IŞİD ile mücadele:  Kaygıların ortaklaştığı bir başka unsur da Türkiyenin operasyonun IŞİD ile mücadeleye sekte uğratabilecek olması. ABD Başkanı Trumpın açıklamalarının tersine IŞİDin daha tam olarak ortadan kaldırılmadığı, ayrıca tutuklu IŞİD üyeleri ve ailelerin akıbetinin belirsiz bir hale geldiğini düşünen Batılı ülkeler, Türkiyenin IŞİD ile bu süreçte ne kadar etkin bir mücadele gerçekleştireceği konusunda kaygıları olduğunu saklamıyorlar.
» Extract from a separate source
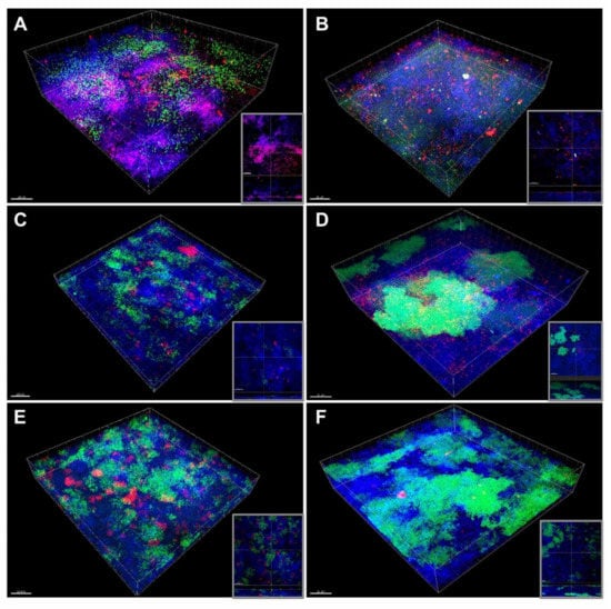 Confocal laser scanning microscopy (CLSM) 3D reconstructions and image stacks (insets) of endodontic-like biofilms grown on HA discs following fluorescence in situ hybridization (FISH) using FITC- and Cy3-labelled probes (see Table 2). To form endodontic-like multispecies biofilms, a total of six bacterial species were added separately to a “basic” nine-species subgingival biofilm. The resulting biofilms 1–6 contained additionally E. faecalis (A), or S. aureus (B), or P. nigrescens (C), or P. micra (D), or S. sputigena (E), or T. denticola (F). Prevotella intermedia appears green (FITC-labeled) and the newly added bacteria appear red (Cy3-labeled). Non-hybridized bacteria appear blue due to DNA staining (YoPro 59). Scale bar = 10 µm.

Sınırlı bir operasyon olmalı

Bu kaygılarını dile getiren Batılı ülkeler, Türkiyenin operasyonun kapsamına göre tepkilerin de daha sertleşebileceği uyarısında bulunuyorlar. NATO Genel Sekreteri Jens Stoltenbergin açıklamasında dile getirdiği gibi ölçülü ve sınırlı bir operasyon gerçekleştirilmesi durumunda Batının da tepkisinin mevcut durumda kalacağı, ancak operasyonun genişlemesi durumunda yaptırımları da kapsayacak şekilde tepkilerin gelişebileceği değerlendirmesi yapılıyor.